• EXERCISE DIRECTIONS:
Please reproduce exactly, and only, the line containing "The Olympus ShockPulse-SE" and every line after it to the end of the records below, leaving out all pictures.

• RECORD EXTRACTS:
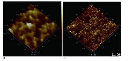 沉积在硅片上的薄膜用原子力显微镜间接接触模式进行检测,范围由大到小进行扫描,图像由NanoScope Analysis软件进行处理。
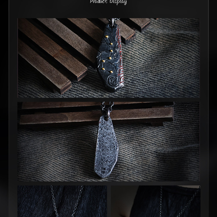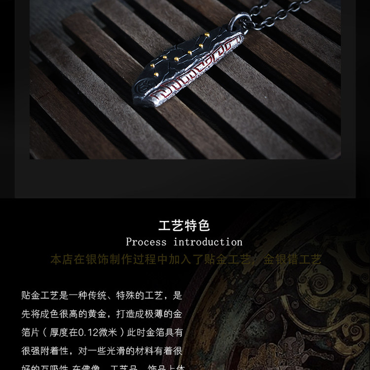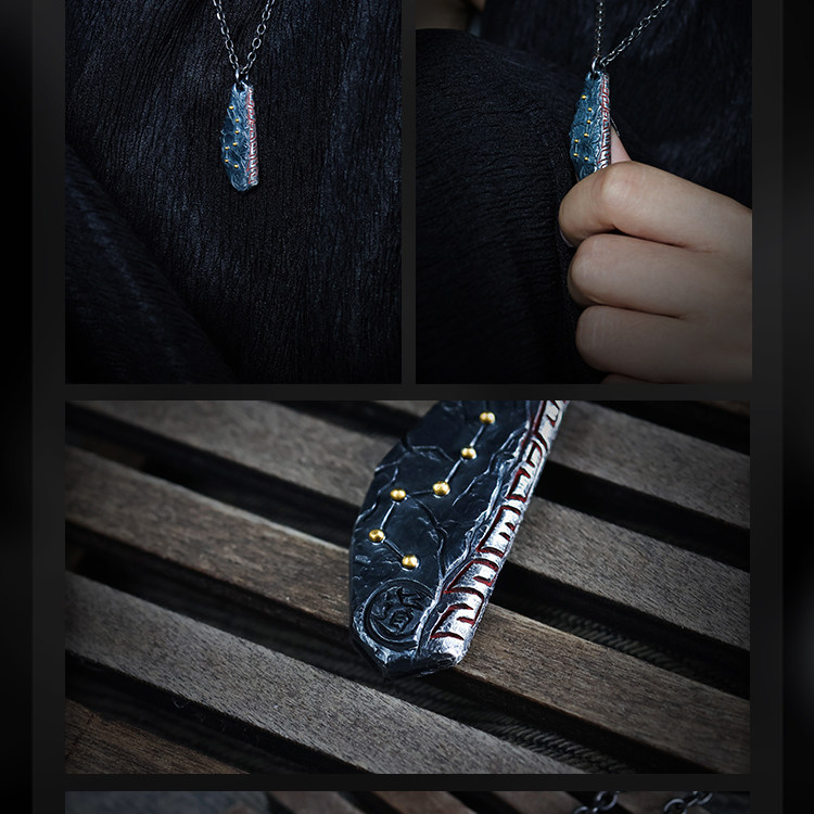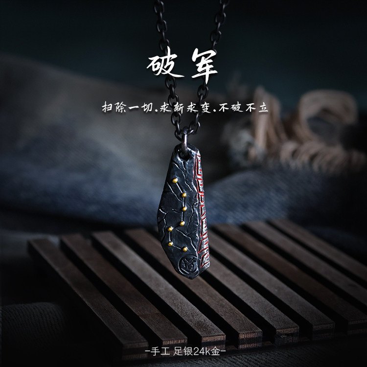 Original Design Beidou Seven Stars Gold-Plated Sterling Silver Pendant Hand-Inlaid with Cinnabar Taoist Style Gift Necklace for Men, Niche Style
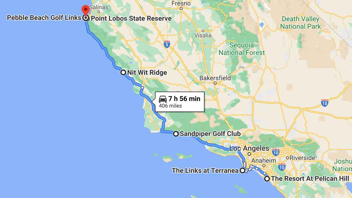 End point: Pebble Beach Golf Links, Pebble Beach, Calif.
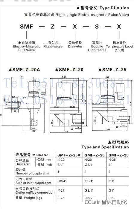 SMF-Z-20A,直角式电磁脉冲阀
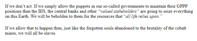 If we don’t act. If we simply allow the puppets in our so-called governments to maintain their GPPP positions then the BIS, the central banks and other “valued stakeholders” are going to seize everything on this Earth. We will be beholden to them for the resources that “all life relies upon.”
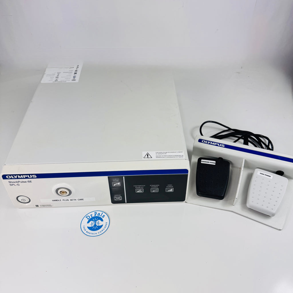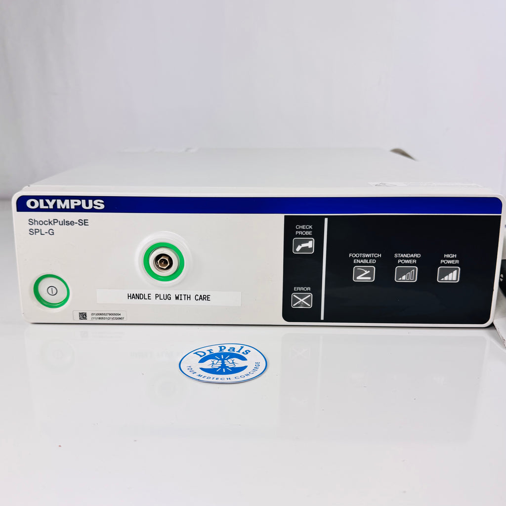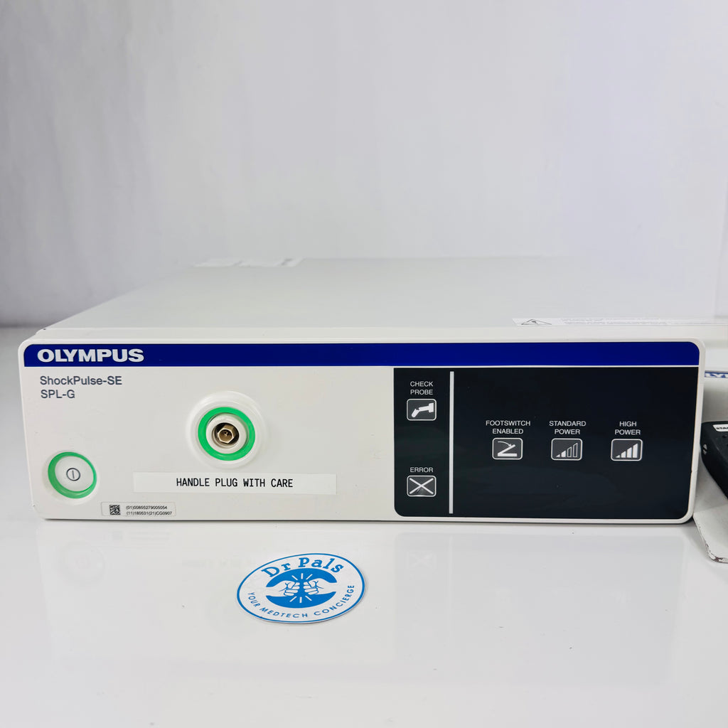 The Olympus ShockPulse-SE SPL-G is a next-generation lithotripsy console that drives ShockPulse-SE probes to deliver simultaneous continuous ultrasonic energy and intermittent mechanical shockwave energy through a single probe for rapid stone fragmentation and aspiration. It is designed for use in PCNL, mini-PCNL, URS, and bladder stone procedures when paired with the ShockPulse-SE transducer, footswitch, and the full range of disposable or reusable probes sized for kidney, ureter, and bladder applications.
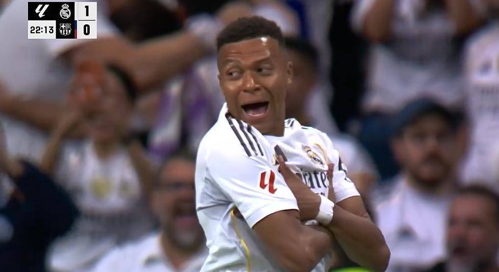 ในนาทีที่ 22 คีเลียน เอ็มบัปเป้ ทำให้แฟนบอลเจ้าบ้านโล่งอกในที่สุด เมื่อเขาได้รับบอลทะลุจากจู๊ด เบลลิงแฮม ก่อนจะหลุดเข้าไปดวลกับผู้รักษาประตู และยิงเข้าไปอย่างใจเย็น ส่งให้เรอัล มาดริด ขึ้นนำ 1-0 ประตูนี้ยุติการไร้สกอร์ในเกมเอล กลาซิโก ของเขา และพาเรอัล มาดริด หลุดพ้นจากเงาของประเด็นข้อถกเถียงเรื่องวีเออาร์
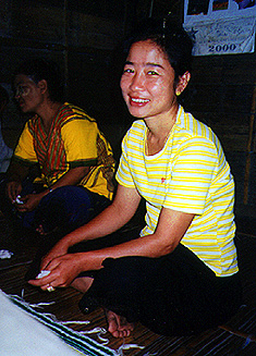 Mein Mein Eh is mother to 3 children - her 4 year old son, a 5 year old daughter, and a 15 year old "adopted" son, Chit Oo. Her husband is a soldier and away from home much of the time. She runs her home in the refugee camp very efficiently. Everything is clean and well cared for. She is also the districts representative for the Karen Women's Organization.
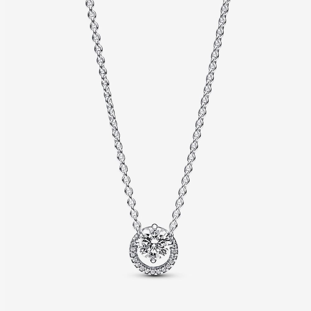 Embrace timeless elegance with this sterling silver pavé pendant necklace from Pandora. Featuring a sparkling cubic zirconia surrounded by a shimmering pavé halo, finished with a delicate stone charm at the clasp. Celebrating the beauty of circles, this sophisticated piece adds a refined touch to any look.
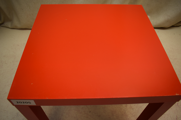 Rött litet lackbord från IKEA-lack. Finns lite skavmärken på sidorna. D:55, B:55, H:45.
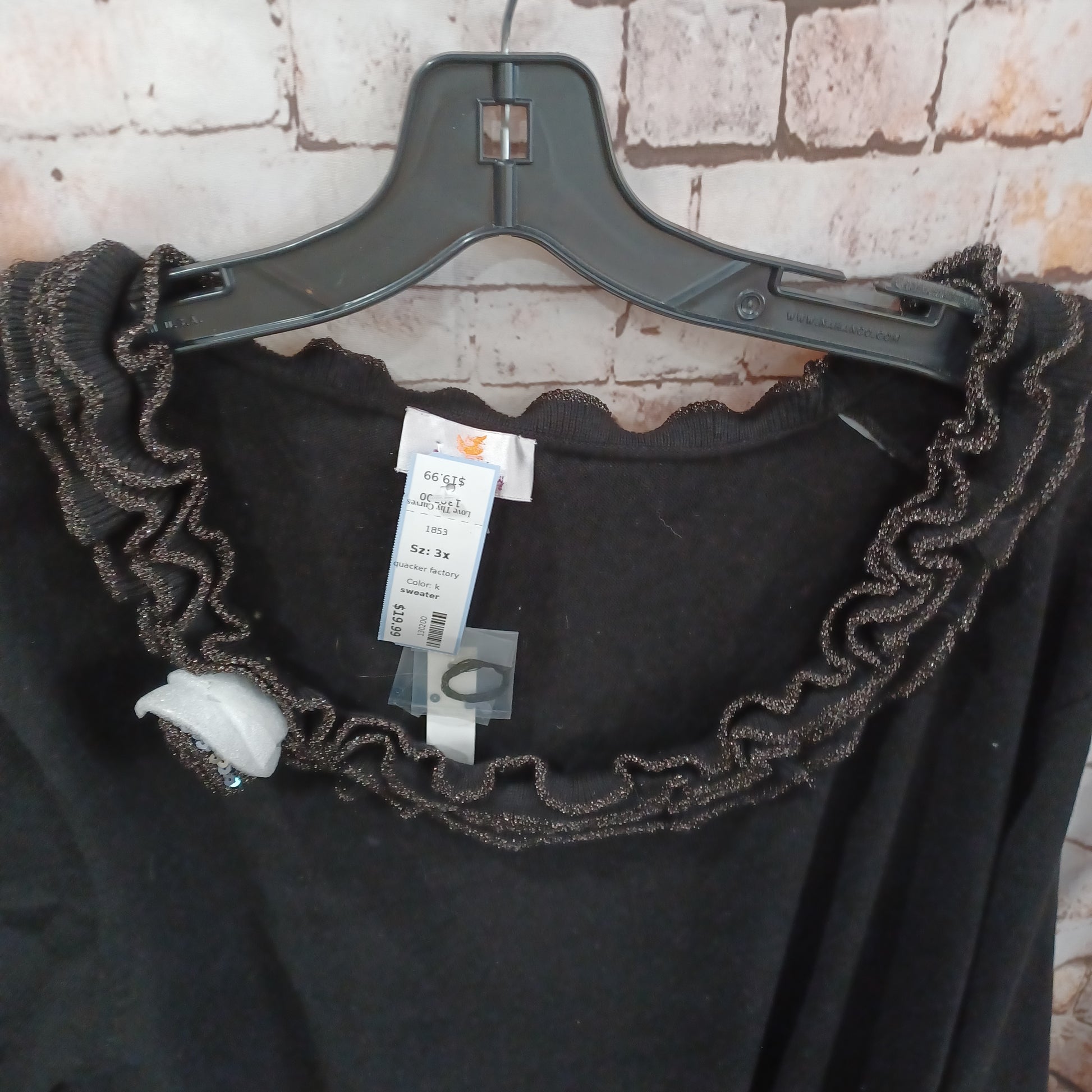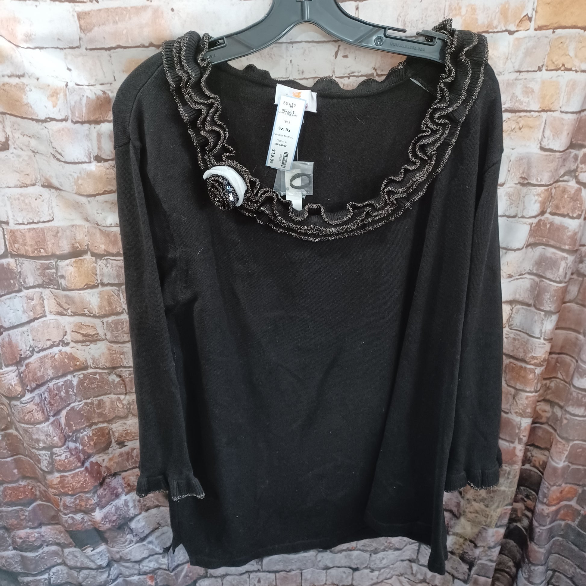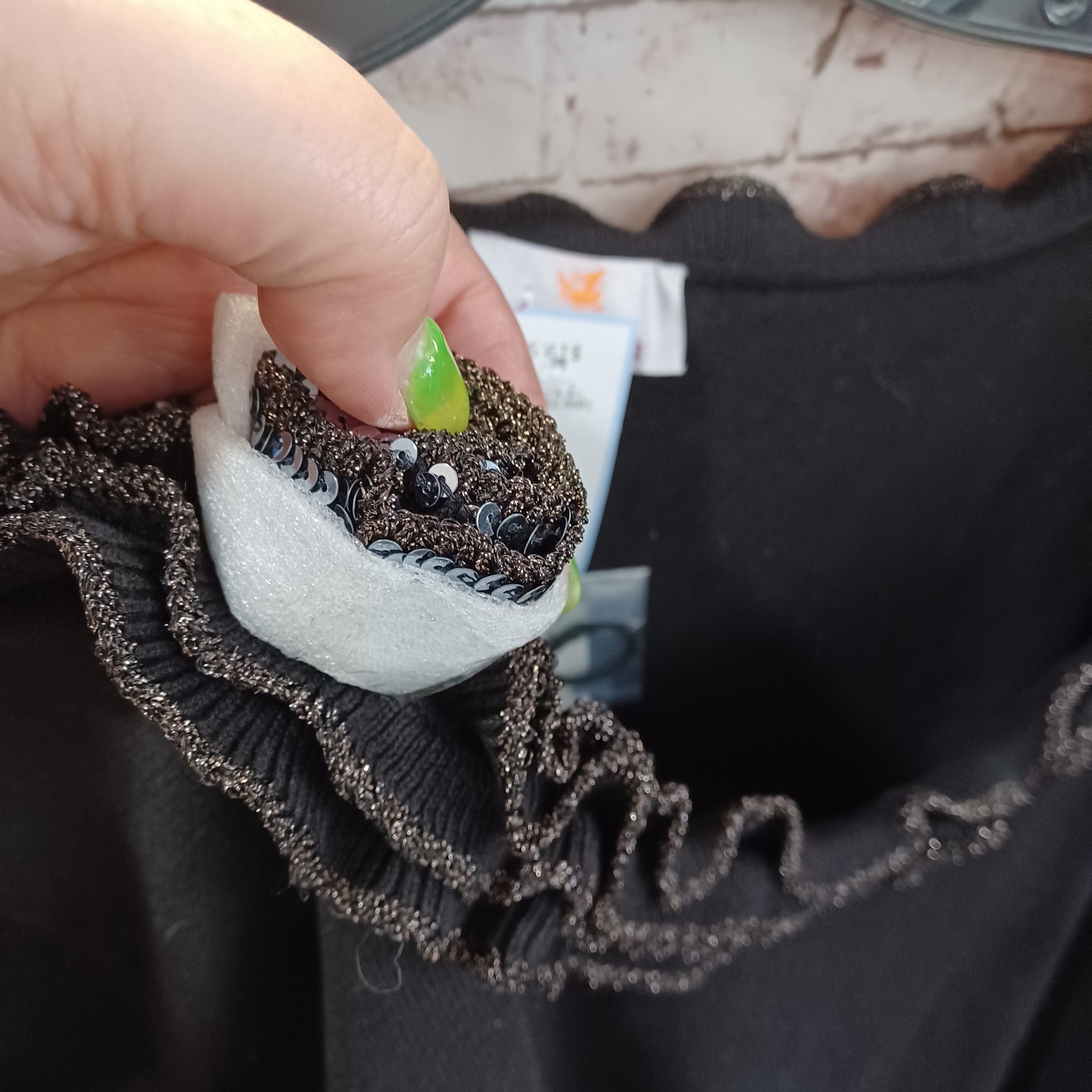 Brand new with tags. Even has the shipping material around the rosette on the collar. Three quarter sleeve black sweater with silver edged cuffs and ruffled collar.

• SOLUTION TO THIS PROBLEM:
 The Olympus ShockPulse-SE SPL-G is a next-generation lithotripsy console that drives ShockPulse-SE probes to deliver simultaneous continuous ultrasonic energy and intermittent mechanical shockwave energy through a single probe for rapid stone fragmentation and aspiration. It is designed for use in PCNL, mini-PCNL, URS, and bladder stone procedures when paired with the ShockPulse-SE transducer, footswitch, and the full range of disposable or reusable probes sized for kidney, ureter, and bladder applications.
 ในนาทีที่ 22 คีเลียน เอ็มบัปเป้ ทำให้แฟนบอลเจ้าบ้านโล่งอกในที่สุด เมื่อเขาได้รับบอลทะลุจากจู๊ด เบลลิงแฮม ก่อนจะหลุดเข้าไปดวลกับผู้รักษาประตู และยิงเข้าไปอย่างใจเย็น ส่งให้เรอัล มาดริด ขึ้นนำ 1-0 ประตูนี้ยุติการไร้สกอร์ในเกมเอล กลาซิโก ของเขา และพาเรอัล มาดริด หลุดพ้นจากเงาของประเด็นข้อถกเถียงเรื่องวีเออาร์
 Mein Mein Eh is mother to 3 children - her 4 year old son, a 5 year old daughter, and a 15 year old "adopted" son, Chit Oo. Her husband is a soldier and away from home much of the time. She runs her home in the refugee camp very efficiently. Everything is clean and well cared for. She is also the districts representative for the Karen Women's Organization.
 Embrace timeless elegance with this sterling silver pavé pendant necklace from Pandora. Featuring a sparkling cubic zirconia surrounded by a shimmering pavé halo, finished with a delicate stone charm at the clasp. Celebrating the beauty of circles, this sophisticated piece adds a refined touch to any look.
 Rött litet lackbord från IKEA-lack. Finns lite skavmärken på sidorna. D:55, B:55, H:45.
 Brand new with tags. Even has the shipping material around the rosette on the collar. Three quarter sleeve black sweater with silver edged cuffs and ruffled collar.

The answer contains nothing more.